Catherine Lupovici, ISO TC46, Jouve, bibliographic activity. Extracting metadata from object data, and adding more, i.e. id codes. Seeking to standardise presentation (!), e.g. there is a title page, so that the extraction task is possible. One of progenitors of Dublin Core, pushing it into TC46 on fast-track. C.f. also ISO 23950.

Tom Layton (RAND, Illinois, HL7): data-warehousing, data-mining, evidence-based medicine. Lack of access to and interest in the expertise of the document community is a pervasive weakness in healthcare's exploitation of technology. Ref. Dudek and other German and Swiss work where marking up existing data streams provided obvious big payoffs.

HT said something very brief about XML-Data.

9. Charles Goldfarb: Document Description Languages (DDL)

Ontology of documents, notations, markup, etc. which I didn't think was quite right.

Annex K (out for ballot? Debate ensued) allows external subset or entities included into the internal subset to be declared as being in a notation other than SGML DTD syntax for specifying e.g. content model constraints. The implication, confirmed by Charles, is that the standard does not specify how the schema interpreter pointed to by the declaration for such notations shall communicate the information contained in the schema, just that that information should provide PRLGABS1-type information.

HT expressed worry about the processing implications.

SGML will grandfather in the lexical and semantic strong typing stuff from HyTime.

More articulation of architecture stuff: details not clear.

More articulation of property sets, groves.

Grove-based approach to defining querying.

10. Eliot Kimber

Phyllis: general grove-builder and HyTime engine. Uses property sets for everything, i.e. GIFs, JPEGs, MIDI as well as *ML documents.

Query: will it scale to terabit datasets?

Answer: Elliot: Abstract first, optimise later. Others: Step is being used for data of this scale.

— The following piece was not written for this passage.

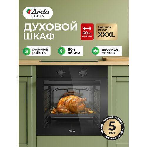 НАЙТИ ВЫГОДНЕЕ - Встраиваемый духовой шкаф Ardo BO13MB2 XXXL, 80 литров, Двойное стекло дверцы, Съемные стекла дверцы, 3 функции, Эмаль SMART CLEAN, Паровая очистка, Класс энергопотребления А

Define query languages in terms of an abstraction, e.g. groves, then many syntaxes can be cached out with the same or similar underlying semantics.

11. Thoughts

Charles says in putting pointers to runnable code in documnets for a critical step in the SGML parsing process, he's only making manifest the crunch issue for XML data. Jean says not to worry, if schema interpreters are constrained to say what they've learned in terms of PRLGABS1, then a posteriori that can be expressed for transfer to the parser using angle-bang syntax. My view is that the well-formedness/validity distinction for XML allows a simpler architecture for XML, as per my SGML/XML '97 paper: schema-valid means it's well-formed (vanilla XML parser can answer, without reference to schema interpreter), and respects the constraints expressed in the schema (schema interpreter (an XML application) can answer, confident in the knowledge its input (both schema and instance) is wellformed).

Three components necessary [sufficient?] for a viable solution [to Martin's goal right at the top](by tuplisable I mean expressable in terms of a set of fixed-arity predications with a fixed inventory of predicates):

  1. Metadata must be tuplisable (so the well-understood big-ticket query engines can go to work, e.g. SQL engines);
  2. The tuple-predicate vocabulary/ies has to have [universally] documented semantics, e.g. Dublin Core; There was debate here about the universality requirement. This doesn't mean the vocabularies are part of the standard, just that a condition on utility is broad agreement: the market will tell.
  3. One level of meta-meta data has to be standardised as well, namely authority: who says so, with what conviction.

RDF is designed to meet these criteria. Transforming the 'syntactic' grove you get using the published SGML property set into a 'semantic' grove and then tuplising wrt the property set is asserted to be another route to meet the criteria. The predicates in the syntactic grove are things like attribute, child and otsrelpn(:-). The predicates in the semantic grove are (typically) the terminals from the syntactic grove, and (accordingly) are significant in the object domain, i.e. have domain semantics, e.g. author, price and presentingSymptom. I also think it would be possible to specify an informal architecture for the use of XML-Link which would work as well.